Upstream water piracy threatens communities and environments
Water piracy by upstream countries threatens the environment and communities of downstream regions. Professor Miah Adel, University of Arkansas at Pine Bluff, US, has investigated the former USSR’s greed for economic excellence – and therefore, regional power – by upstream water piracy, the environmental politics of upstream water use, and how certain countries like India and China are monopolising precious resources for economic gain and regional supremacy. Among the damaging effects to people and livelihoods, water resource depletion is also linked to climate change. Through highlighting the impacts of water piracy on people, animals, and landscapes, water resources can be better managed to ensure equal access by all.
Greed for economic excellence and regional power drives some upstream developed countries to build dams and barrages across international rivers.
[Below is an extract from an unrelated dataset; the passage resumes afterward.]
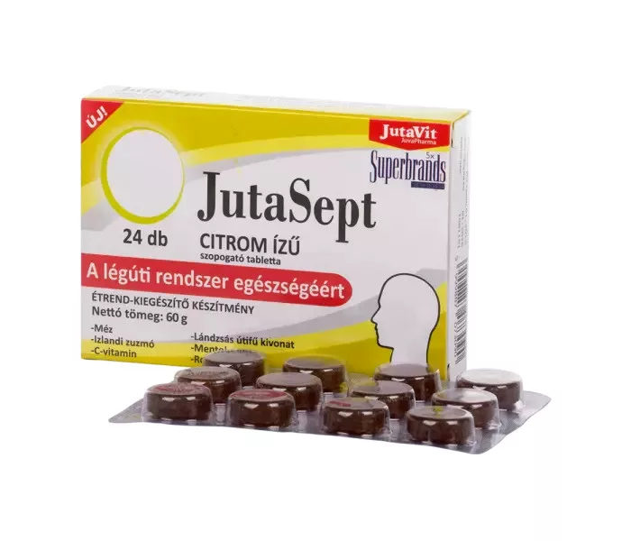 A JutaSept citrom ízű, mézet, izlandi zuzmót, C-vitamint, lándzsás útifű kivonatot, mentolt és rozmaring olajat tartalmazó étrend-kiegészítő szopogató tabletta édesítőszerekkel, 24 db-os kiszerelésben a légúti rendszer egészségéért.

However, acquisition of water resources in this way deprives downstream countries of the same precious resource and puts them under economic hardship and subjugation. Dr Miah Adel, professor of physics at the University of Arkansas at Pine Bluff and Executive Vice President of non-governmental organisation Humane Water, has investigated the phenomenon of upstream water piracy and the damaging domino effect this weapon of ecosystem destruction has upon people, wildlife, climate, and the environment.
A connected planet
Across the globe, river basins cause ongoing disputes between countries as many share access to the same rivers – examples include the Nile, Zambezi, Senegal, Niger, Jordan, Tigris-Euphrates, Indus, Ganges, Teesta, Mekong, Rhine, Danube, Douro, Dnieper, Vardar, Pilcomayo, Parana, Bermejo, and Grande de Tarija. To highlight the internationality of the world’s rivers, up to 39 countries can share more than 90% of a single river basin. If one upstream country monopolises access to a river to support greed-based domestic, agricultural, and industrial uses, it can have enormous consequences for many countries.
Riparian (river-associated) environments can change dramatically because of water piracy. Upstream construction of dams and barrages weakens downstream river discharges, increases silt deposition at distributaries’ mouths, raises the downstream parent river and distributaries’ beds, and blocks water discharges to inland floodplains and surface water bodies. Silted riverbeds fail to accommodate the sudden rush of water released from upstream dams and barrages, causing devastating flooding and riverbank erosion during the wet season.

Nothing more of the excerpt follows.